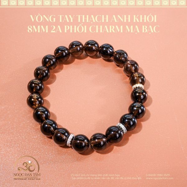 Vòng Tay Thạch Anh Khói 8mm 2A Phối Charm Mạ Bạc
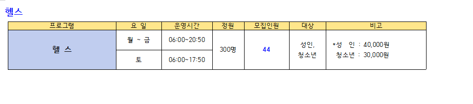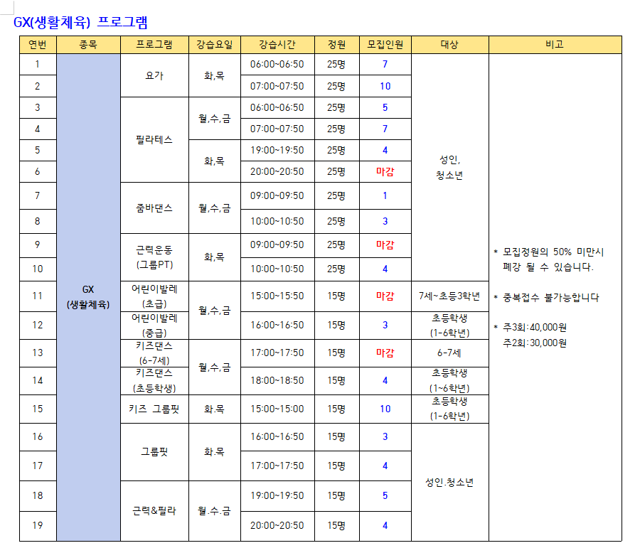 ● 모집프로그램: 수영(미취학.초등저학년.초등고학년, 월정기 자유수영), GX(생활체육), 헬스
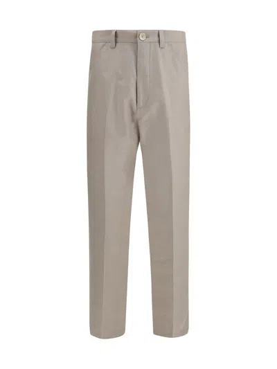 Men Trousers Tailored In Cotton With Belt Loops In Brown
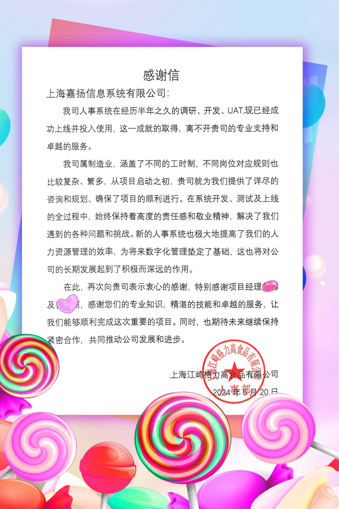 能够收到格力高的感谢信,嘉扬实施团队心中充满了欣喜与感恩,更多了一份使命感。未来,嘉扬实施团队将和售后团队一起,为格力高公司提供更加高效、稳定的人力资源管理系统服务,不断提升实施服务水平,快速满足灵活变化的业务需求,积极推动格力高实现数字化转型的蜕变升级。

Problem statement
Pictures stay out; everything else in the listing above gets restated word for word.

Worked solution
 Vòng Tay Thạch Anh Khói 8mm 2A Phối Charm Mạ Bạc
 ● 모집프로그램: 수영(미취학.초등저학년.초등고학년, 월정기 자유수영), GX(생활체육), 헬스
 Men Trousers Tailored In Cotton With Belt Loops In Brown
 能够收到格力高的感谢信,嘉扬实施团队心中充满了欣喜与感恩,更多了一份使命感。未来,嘉扬实施团队将和售后团队一起,为格力高公司提供更加高效、稳定的人力资源管理系统服务,不断提升实施服务水平,快速满足灵活变化的业务需求,积极推动格力高实现数字化转型的蜕变升级。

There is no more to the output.